Directions for this task: Would you transcribe the listing exactly as it stands, minus any images?

Material provided:

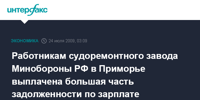 Владивосток. 24 июля. ИНТЕРФАКС-ДАЛЬНИЙ ВОСТОК - Минобороны РФ погасило большую часть задолженности по зарплате перед работниками 30-го судоремонтного завода (СРЗ) в поселке Дунай Приморского края. С 20 июля около 60 специалистов этого предприятия отказались выходить на работу из-за отсутствия денег.
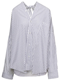 Balenciaga Women White And Blue Striped Shirt With Bow Detail In Cotton Woman
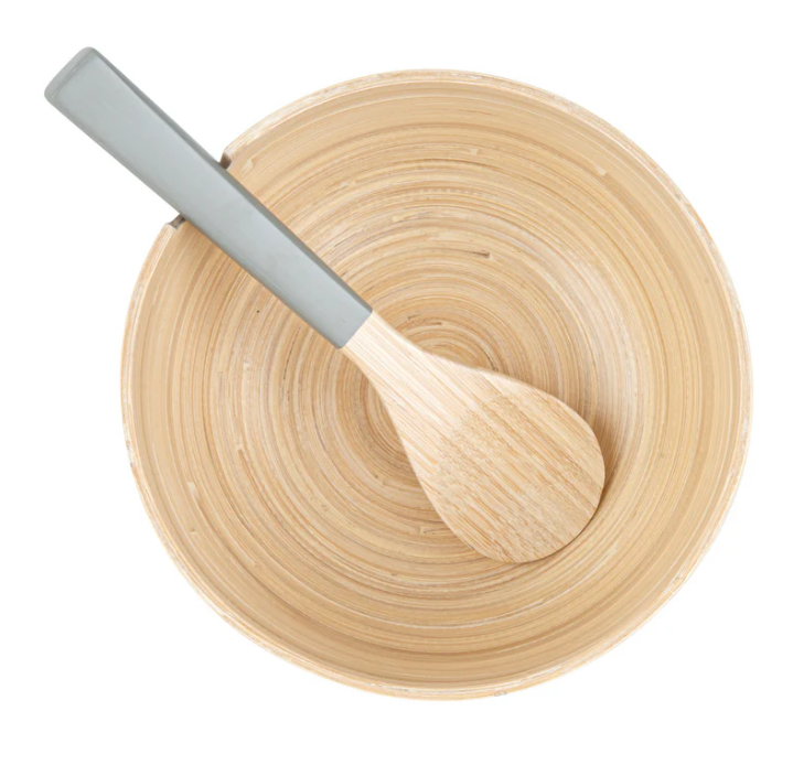 Vietnam Wholesalers LAVIHEXCO LVBB26-155 Eco-friendly Gray Spun Bamboo Serving Bowl Set Wooden Spoon Natural Tableware Custom

Response box:
 Владивосток. 24 июля. ИНТЕРФАКС-ДАЛЬНИЙ ВОСТОК - Минобороны РФ погасило большую часть задолженности по зарплате перед работниками 30-го судоремонтного завода (СРЗ) в поселке Дунай Приморского края. С 20 июля около 60 специалистов этого предприятия отказались выходить на работу из-за отсутствия денег.
 Balenciaga Women White And Blue Striped Shirt With Bow Detail In Cotton Woman
 Vietnam Wholesalers LAVIHEXCO LVBB26-155 Eco-friendly Gray Spun Bamboo Serving Bowl Set Wooden Spoon Natural Tableware Custom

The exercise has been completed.